Reflection and Reform

The cell was the key component of the system of separate confinement, intended to produce reflection and reform, to throw prisoners back on their own thoughts, recollections and regrets until they were ready to declare their repentance for past sins and crimes, clearing the path for their deep-seated reformation:

In the stillness and solitude of his cell the long-forgotten religious precept, the early domestic admonition and example, the last solemn warning of the dying parent, the traces early impressed upon the youthful memory, all arise before the guilty conscience with a vividness and force to which the solemnity of the occasion gives tremendous emphasis. All artificial supports are now withdrawn, and the culprit is made to feel the reality of his condition, and the fearfulness of that prospect leads him to think of ‘righteousness, temperance, and judgment to come’.[5]

Dread and Anxiety

However, more often the cell triggered dread and anxiety.

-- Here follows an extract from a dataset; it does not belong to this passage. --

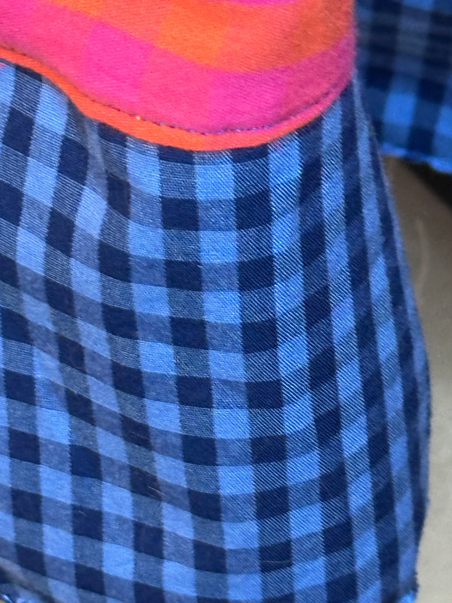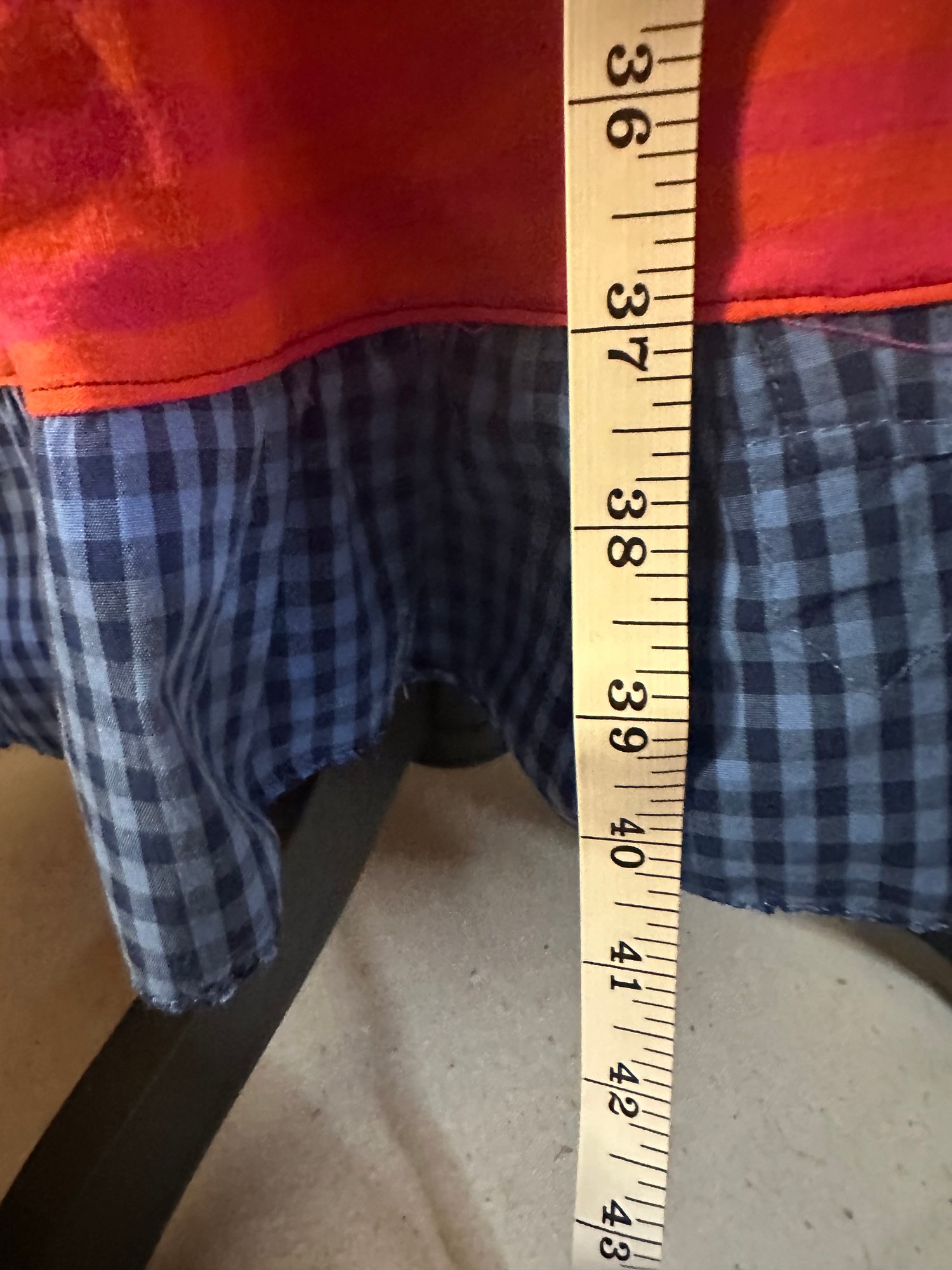 Cheer on in sustainable style with this one-of-a-kind drop waist dress, handmade from a bold graphic tee and layered with vibrant fabrics. The top reads “Let’s Hear It for the Boys” in crisp white lettering on a bright cobalt blue base, while the hemline features playful mixed fabrics in Bright Winter hues: a pop of coral-pink stripes layered over classic blue gingham plaid.
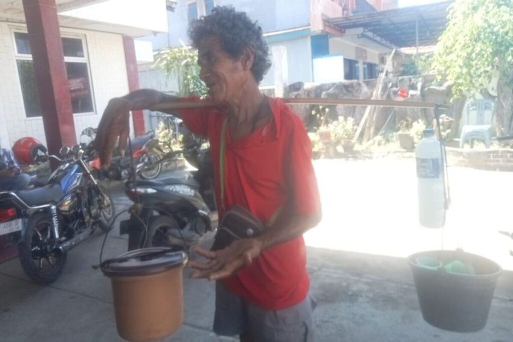 MAUMERE, KOMPAS.com – Di tengah terik matahari yang menyengat Kota Maumere, Nusa Tenggara Timur, pada Rabu (22/4/2026), Marten Lena, seorang pria paruh baya, terlihat memikul dua ember dan beberapa botol nira menggunakan sebilah kayu. Langkahnya yang pelan saat memasuki halaman kantor redaksi Ekora NTT, sebuah media lokal di Maumere, menggambarkan kelelahan yang terpancar dari raut wajahnya. “Harga satu botol Rp 15.000, tadi sudah laku dua botol,” ucap pria asal Sabu Raijua yang akrab disapa Ama Marten itu.

The separate cellular system appealed to the prison authorities on punitive as well as reformatory grounds, and, as the Reverend Joseph Kingsmill at Pentonville Prison suggested, solitary confinement was ‘calculated to strike more terror into the minds of the lowest and vilest class of criminals than any other [system] hitherto devised’.[6] Pentonville, with its 18-foot perimeter wall, was intended to produce isolation within the prison and from the outside world. Along its hallways, with three levels of solitary cells, the doors were arranged so that the prison officers could not be seen by the prisoners, though they themselves could be watched at all times. The convicts were allowed one 15-minute visit every 6 months, and permitted to write and receive two letters each year. By 1850 it was reported that some 11,000 purpose-built separate cells had been built or were nearing completion in England and 55 separate cellular prisons.[7] There were many more male than female convicts serving their time in separation throughout the convict system, and women typically spent less time in separate confinement. In Mountjoy Female Prison in Dublin the female prisoners spent 4 months in isolation.

The Risks of the Cell

Even in the early years of the new separate system, concerns were provoked about the power and the risks of the cell. The chaplain of Spike Island Prison in Cork, Reverend Charles Gibson, described the cellular prison as ‘a delicate piece of machinery which no unskilful hand should touch. A few more turns of the screw, and you injure both the body and mind of the prisoners.’[8] Chaplain Kingsmill at Pentonville became convinced as more and more prisoners showed signs of mental disturbance that separate cellular confinement was not working as it was intended to and gradually the Pentonville regime was made less severe, and the length of separation reduced to 9 months by 1853. A reduced period of 8 months in separation was in operation at Mountjoy Prison by 1854. Henry Martin Hitchins, Inspector for Government Prisons in Ireland, had dismissed the Pentonville regime as ‘too severe’, yet he remained convinced of effectiveness of the ‘dread’ felt by the convicts returning to his ‘separate cell’.[9]

The separate system, as originally devised in the 1840s, would be repeatedly modified during the nineteenth century. However the system of cellular isolation and confinement in cells for up to 23 hours a day would remain a feature of the prison system well until the twentieth-first century – in recent decades due to under-resourcing rather than any faith in the reformative power of the cell – despite repeated evidence of the risks to the mental well being of the prisoners.


Notes

[1] Philip Priestley, Victorian Prison Lives: English Prison Biography, 1830-1914 (1985), p.39.

[2] Austin Bidwell, From Wall Street to Newgate (1895), p.397.

[3] F. Brocklehurst, I was in Prison (1898), p.xvii.

[4] Florence Elizabeth Maybrick, Mrs. Maybrick’s Own Story: My Fifteen Lost Years (1905), pp.68-9.

[5] Third Report of the Inspectors of Prisons of Great Britain, Part 1, 1837-38, p.16.

[6] Reverend Joseph Kingsmill, Chapters on Prisons and Prisoners, 3rd edn (1854), p.116.

[7] William James Forsythe, The Reform of Prisoners 1830-1900 (1987), p.45.

[8] Charles Bernard Gibson, Life among Convicts, 2 vols (1863), vol. 1, p.69.

[9] National Archives of Ireland, Government Prison Office, Letter Books, GPO/LB/12, 7 July 1849–14 Dec 1851, p.53.